Ex-SPD-Generalsekretär Kühnert tritt ab mit einem Knall

Kevin Kühnert steht hinter dem Rednerpult im Deutschen Bundestag
Was alles in drei Minuten hineinpasst: Kevin Kühnert hält zum Abschied eine Grundsatzrede
© Amrei Schulz/photothek / Imago Images
In einer unversöhnlichen Redeschlacht spielt ein überraschender Redner den Schlussakkord: Kevin Kühnert, der sich mit einem dringenden Appell aus dem Bundestag verabschiedet. 

Kevin Kühnert hat nicht viel Zeit an diesem Tag, nur drei Minuten sind es, um unter der gläsernen Reichstagskuppel loszuwerden, was er noch loszuwerden hat: Und das ist sehr grundsätzlich. 

Es wird eine mahnende Rede des früheren SPD-Generalsekretärs – und seine vorerst letzte im Bundestag.

Kühnert hatte sich im Oktober aus gesundheitlichen Gründen von allen Ämtern zurückgezogen, kandidiert nicht erneut für ein Mandat. Dass er heute und hier – am letzten Sitzungstag vor der Neuwahl – sprechen wird, hat auch in der SPD viele überrascht.

Als Kevin Kühnert im Bundestag redet, ist es ganz still

Jedes einzelne Wort liege ihm am Herzen, sagt Kühnert, als er um 12.40 Uhr als letzter Redner an das Pult tritt; dann legt er los. 

Er beklagt eine "Stilverschiebung, die mir aufstößt und große Sorgen macht". Spricht von einer "Verantwortung vor unserer Geschichte". Verurteilt Übergriffe auf Parteibüros von Union und FDP, die keine Faschisten seien. Mahnt, dass Konflikte mit Argumenten ausgetragen werden müssten. 

Kühnert rast Blatt um Blatt durch sein Redemanuskript. Anders als bei seinen Vorrednern ist es still im Saal, während er spricht. Die Minister auf der Regierungsbank lassen ihre Handys liegen, die Abgeordneten in den Fraktionsreihen ihre Unterlagen. 

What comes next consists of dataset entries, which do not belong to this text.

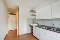 De gesloten keuken is uitgerust met een gasfornuis en een afzuigkap. Daarnaast is er voldoende werkblad en bergruimte aanwezig, wat de keuken praktisch en functioneel maakt.
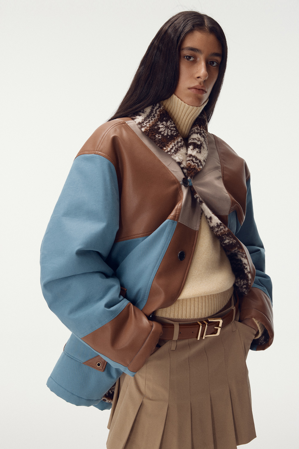 자켓 자체가 포인트이기 때문에, 심플한 이너와 함께 스타일링하면 자켓의 디자인이 더욱 돋보입니다.
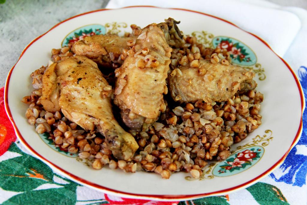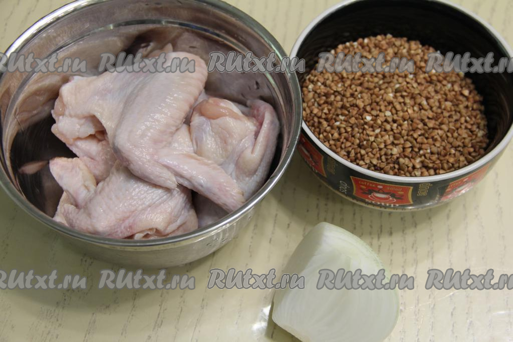 Подготовить продукты. Для этого блюда можно взять любые части курицы (я решила готовить куриные крылья). Части курицы промыть водой, обсушить. Лук почистить. Гречку, если в ней много некачественных зёрнышек, нужно перебрать, затем выложить в сито и хорошо промыть проточной водой, дать лишней воде стечь.
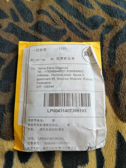 Страна: LT Color: 1pc Доставка: Cainiao Super Economy Global 09.01.2021
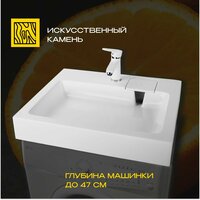 Orange 588х585 - модель предназначена для ванной комнаты или кухни с ограниченным пространством. Умывальник отлично экономит место за счет оптимальной формы, поэтому подойдет для установки в туалете. Материал изделия литьевой мрамор, все углы и плоскости тщательно выверяются на этапе производства, что говорит о премиум качестве сантехники. В комплекте идут два кронштейна, рассчитанные на вес мойки. В центре рукомойника отверстие под смеситель. Защитное покрытие гелькоут устраняет возможность появления царапин на поверхности. Удобно использовать и не требует особого ухода. Обратите внимание, максимально допустимая глубина стиральной машины 470 мм. Измеряйте по верхней крышке.
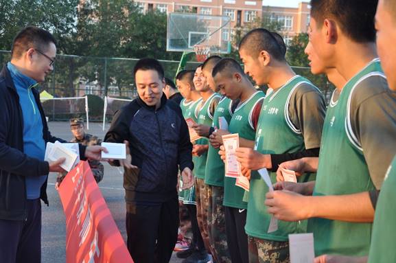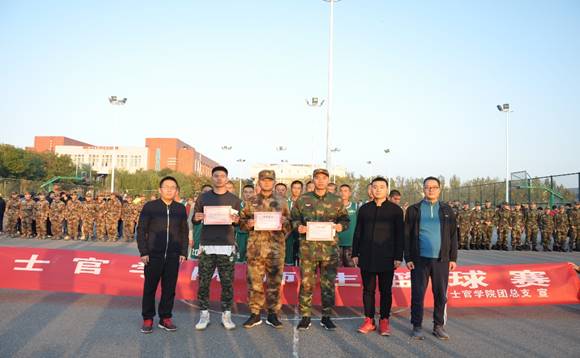 颁奖时刻,教师队与新生队员亲切拥抱,张经理对同学们讲道:“士官公司在以往的‘迎新杯’中都获得了很好的成绩,希望同学们能再接再厉,为全校体育事业贡献自己的力量。”教官敬超凡也说:“课外打球,主要是为了锻炼身体素质,不能过分较真;但是在课内学习中,大家一定要像竞技场上一样,发扬你追我赶、力争上游的精神,在学业中勇创佳绩、铸就辉煌。”现场响起雷鸣般的掌声,经久不息。
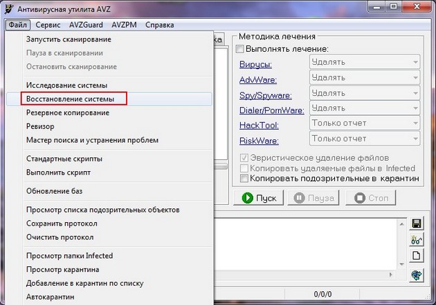 Обновляем утилиту AVZ. Файл –> обновление баз
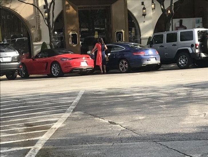 Zastanawiamy się, czy ta kobieta jest właścicielką obu tych samochodów…

Auch Bundeskanzler Olaf Scholz sieht nachdenklich zum Rednerpult und lauscht, was sein früherer Generalsekretär zu sagen hat. Friedrich Merz, der CDU-Chef und Kanzlerkandidat der Union, ahnt zu diesem Zeitpunkt vielleicht schon, was da gleich noch auf ihn zukommt. So viel vorweg: Er, der Jungstar, wird ihm, dem Politprofi, ziemlich die Leviten lesen.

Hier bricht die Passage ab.